Hawke unfolded the parchment and began to read Varric's words, a crease forming between her eyebrows as she read what he'd seen at the temple when he'd helped close something he called a rift, which seemed to be a rip between this world and the Fade.

"It was red lyrium, Hawke. It was growing out of the ground, covering the walls. I don't know how the fuck it managed to get to Ferelden, but it's here, and it still sings the same song it always sung. If this Evelyn Trevelyan, Herald of Andraste woman can't fix this hole, we're simply fucked. I don't know how else to put it."

Hawke looked up at Ellen with a curious look. "Is your family name common in Ferelden?"

Ellen had taken the tome to herself when Merrill and Bethany had begun to read their letters, but now she looked up at her friend's question with an eyebrow raised. "Not particularly, as we hail from Ostwick. Why do you ask?" Ellen reached for her cup of black tea as Hawke answered her question, taking a sip only to blow it out of her mouth and nose simultaneously.

"The woman that fell out of that thing with the mark on her hand, the one they're calling the Herald of Andraste, her name is Evelyn Trevelyan-" Hawke dodged the spray that came out of Ellen's face, taking it that the name was familiar to her. She knew it was when Bethany gasped and looked at Ellen, recognizing the name as well.

"Your sister!" Bethany exclaimed, and Ellen turned wide bright green eyes to Bethany's caramel colored ones.

"It can't be," Ellen breathed, not daring to hope. "Evelyn? The Herald of Andraste? She swore worse than Isabela even as a child, I cannot imagine what she would be like as an adult, but surely not a divine prophet?"

Hawke read Varric's description of the woman aloud for Ellen's benefit. "'Tall with light brown hair, unworldly green eyes, a smart mouth. She's verbal about being pissed there aren't brothels in Haven, and sits at the tavern and drinks herself into a stupor before bed every night. I don't know what the Maker and Andraste were drinking when they chose her, but I'd like a sip of it, myself.'" Hawke grinned over at Isabela, who was listening to her read it aloud. "I like her already, babe."

"Sounds like our kind of woman," Isabela agreed, licking at the corner of her mouth. "Bet she's fun."

"We can find out, if we ever cross paths. I mean, you have a thing about sleeping with every hero you meet, anyway," Hawke teased her, insinuating herself and the Hero of Ferelden, Kallian Tabris. Isabela's mouth fell open into a playfully wounded look that Hawke couldn't help but to laugh at.

"Hey, Tabris was one time, all right? And her bloody lover was there, too," Isabela said in her defense, which only made Hawke laugh harder.
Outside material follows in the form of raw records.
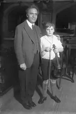 Menuhin's first violin instruction was at age four by Sigmund Anker (1891–1958); his parents had wanted Louis Persinger to teach him, and Persinger agreed. Menuhin took lessons for a while from Persinger at his Hyde Street studio. He made his first public solo appearance in November 1921, at a pupil's concert.[3] On 29 February 1924, he formally debuted in a solo performance for a matinee concert given by the San Francisco Symphony at the Oakland Auditorium under the direction of Alfred Hertz, with Persinger playing the piano accompaniment.[4] This was followed by a recital at the Scottish Rite Hall. His reputation preceded him to New York for his debut there on 17 March 1926, at the Manhattan Opera House.[5] Persinger then agreed to teach him and accompanied him on the piano for his first few solo recordings in 1928 and 1929.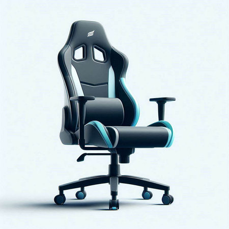Black and blue gaming chair on a white background. 3d rendering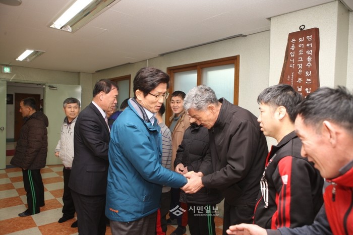 [시민일보]지난 5일 김성기 가평군수, 김문수 경기도지사가 가평꽃동네를 방문, 시설 관계자들을 격려하고 지역내 주요사업현장을 점검하며 주요 현안들에 대해 논의했다. 사진은 꽃동네를 방문한 김문수 도지사, 김성기 가평군수의 모습.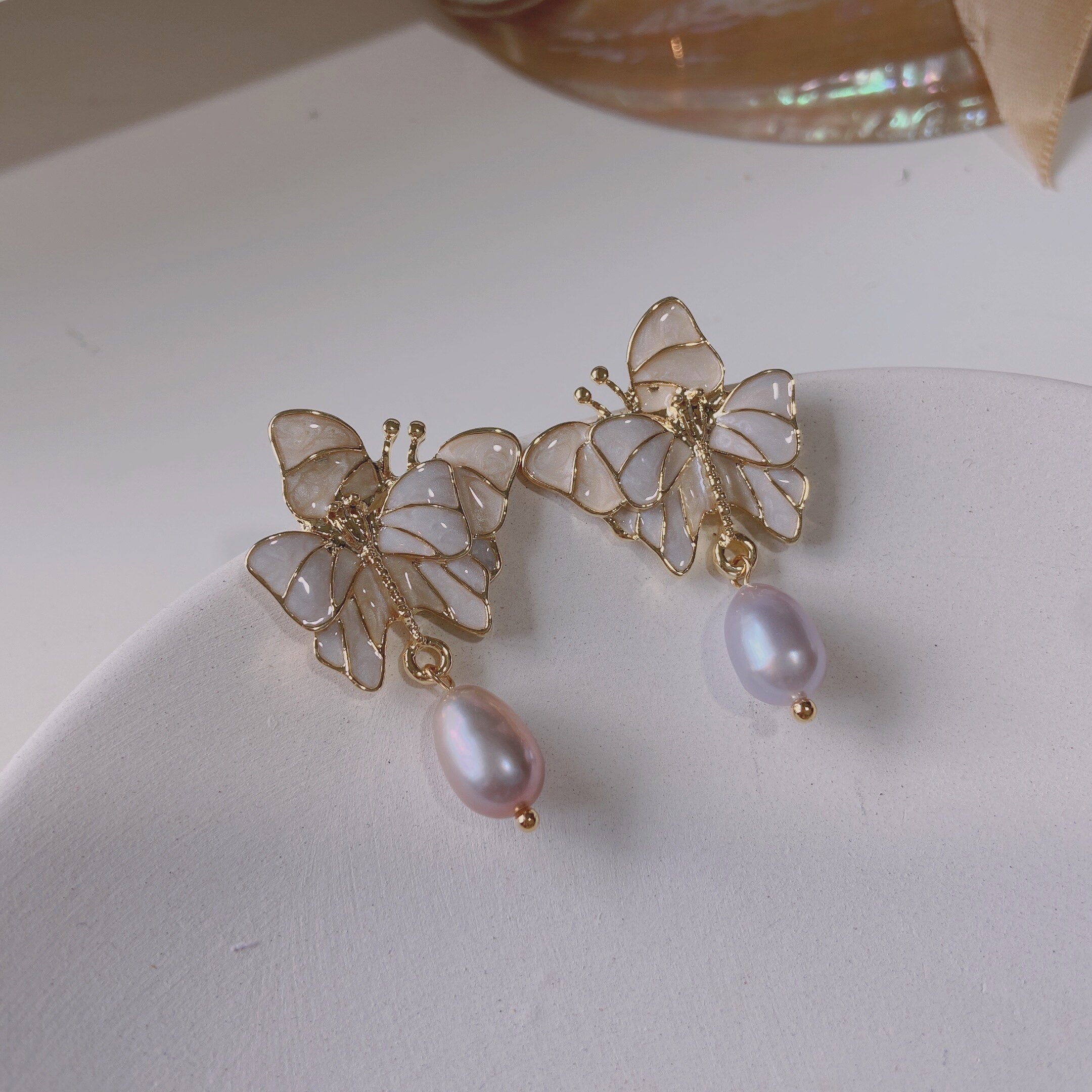 Oil painting color White pearl oil painting color White pearl 925 silver needle oil painting color Purple pearl oil painting color Purple pearl 925 silver needle original design! Has applied for a patent collection to buy a small gift - gift box packaging
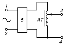 Рис. 3. Схема питания переменным током: 1, 2 – выводы для подключения источника переменного тока; 3,4 – выводы для подключения системы измерения; 5 – стабилизатор напряжения; АТ – регулировочный трансформатор.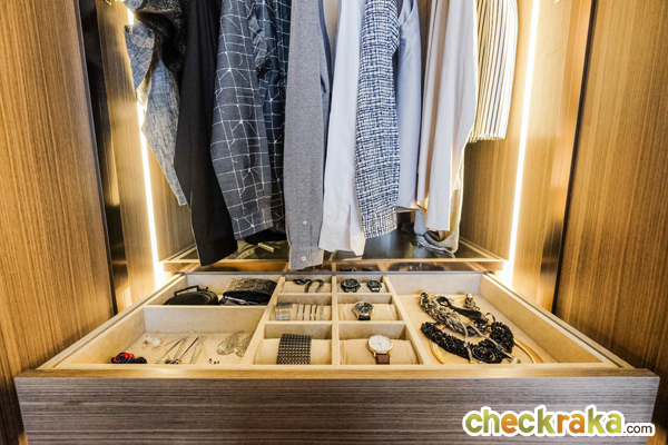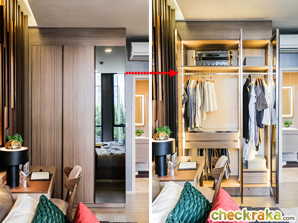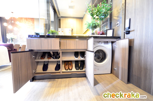 เปิดตู้ออกออกมาฝั่งซ้ายของตู้เป็นชั้นสำหรับเก็บของ และชั้นวางรองเท้า ส่วนทางฝั่งขวาทำไว้สำหรับใส่เครื่องซักผ้า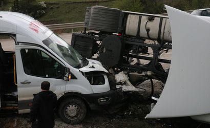 Tokat'ta yolcu minibüsü ile tırın çarpışması sonucu 5 kişi yaralandı.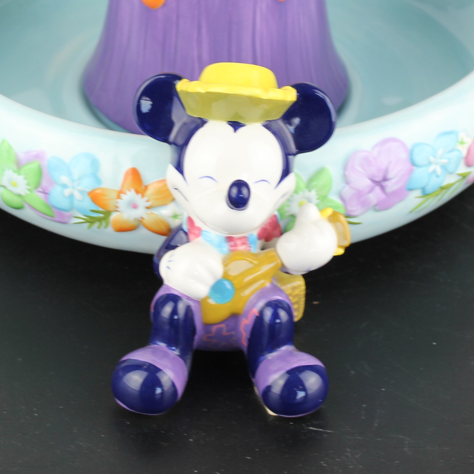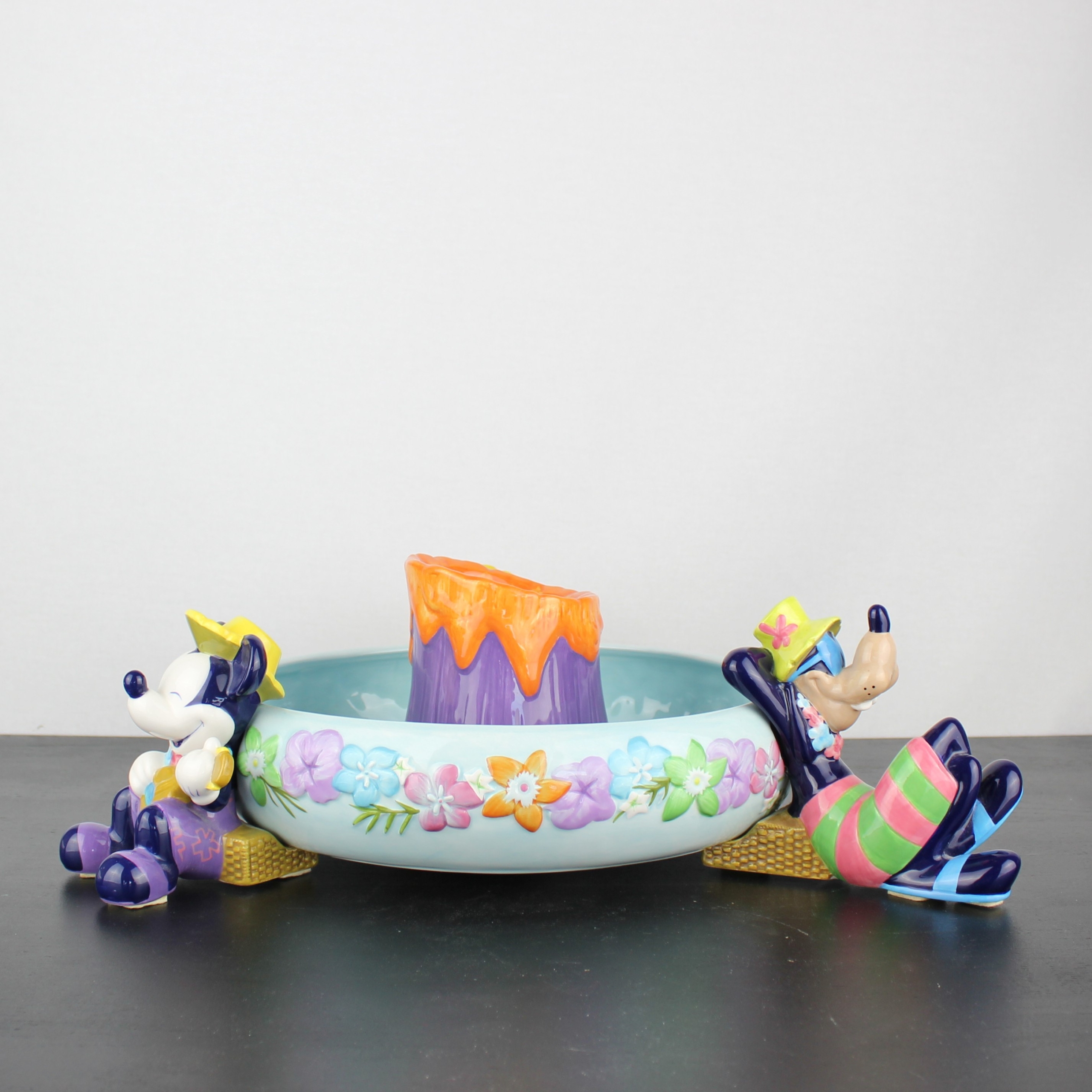 Magnificent rare snack bowl from Walt Disney. Mickey Mouse, Donald Duck and Goofy are relaxing under a vulcano. Excellent to use for your hot chips and hot sauce.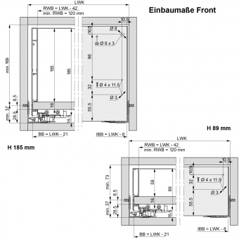 - für Innenschublade H89 mm / Innenauszug H185 mm - Zargensystem GRASS Vionaro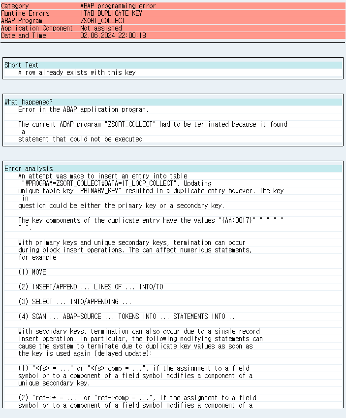 -> ' table 명 TYPE SORTED TABLE OF WITH NON-UNIQUE KEY' 및 'table 명 TYPE SORTED TABLE OF WITH UNIQUE KEY'의 차이점 확인하기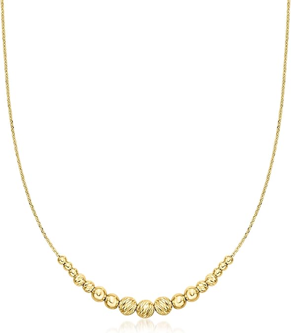 Ross-Simons Italian 3-6mm 18kt Gold Over Sterling Bead Station Necklace
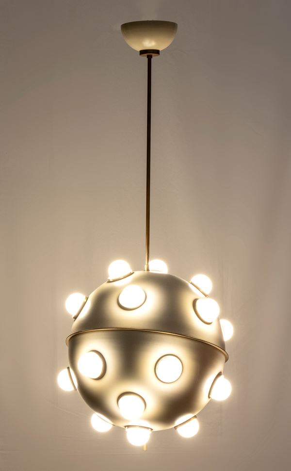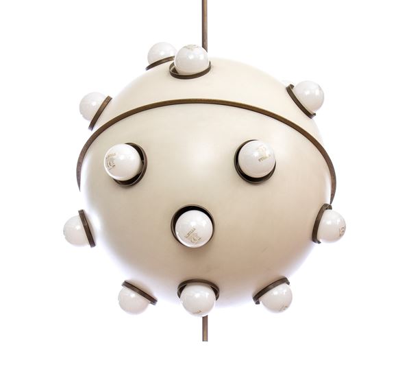 Lampada a sospensione mod. 551 in metallo smaltato, elementi in ottone.

"Bela, listen to yourself, love. The Hero of Ferelden and her lover, whom is also considered quite the hero… as well as the Left Hand of the Divine."

"And she's running a spy network for this Inquisition nonsense, what's your point?" Isabela said, waving her letter around. "Varric said she scares the piss out of him, but I don't remember her being particularly scary. She was kind of a tart, to be honest. Nice tits, though."

"Guys," Ellen said, catching their attention. "Please don't sleep with my sister. That's just weird. She's probably not even into women, anyway."

"Hmm," Isabela hummed, tapping the stud in her lip thoughtfully. "Not into women has never been a problem for us… I wonder what she looks like?"

Ellen groaned, covering her face. "A lot like me, I'd imagine, since we are identical twins," she pointed out, but Isabela nor Hawke had known the mage was a twin. The information gave Isabela a pause as she looked Ellen up and down speculatively until Bethany cleared her throat loudly.

"Maker, I'm right here, Bela," the girl said, rolling her eyes at the pirate. "And unlike you and Sister, I do not care to share what is mine."

"We aren't looking to touch your precious, Beth," Hawke chuckled, also surveying Ellen as she'd yet to do after nearly four years of the girl being in her company. "We're just… using her as a guide to whether or not we should seduce this 'Herald of Andraste'."

Ellen was tall, same as Hawke herself, and skinny, like Hawke herself. But that's where the similarities ended, as Ellen's hair was a fine chestnut brown and shorter than Hawke's, maybe four inches long from the scalp all the way around and fell into her face in the front so that she always pushing it back from her forehead. She was pale, with a pink scar from a templar sword that ran over her left eye, through the eyebrow and disappeared in her hair line. Her eyes were a defining feature, a bright green like healthy grass, with a cerulean color around her pupil. Her breasts weren't very big, but in comparison to Isabela's, no one's really were. She was all legs like a newborn halla, and wild as one when she saw fit. She'd run from two Circles before ending up at the Gallows and meeting Bethany three months before the rebellion began. Ellen didn't try to run again after that, though Hawke felt like it had more to do with her sister than the hospitality of Knight-Commander Meredith Stannard.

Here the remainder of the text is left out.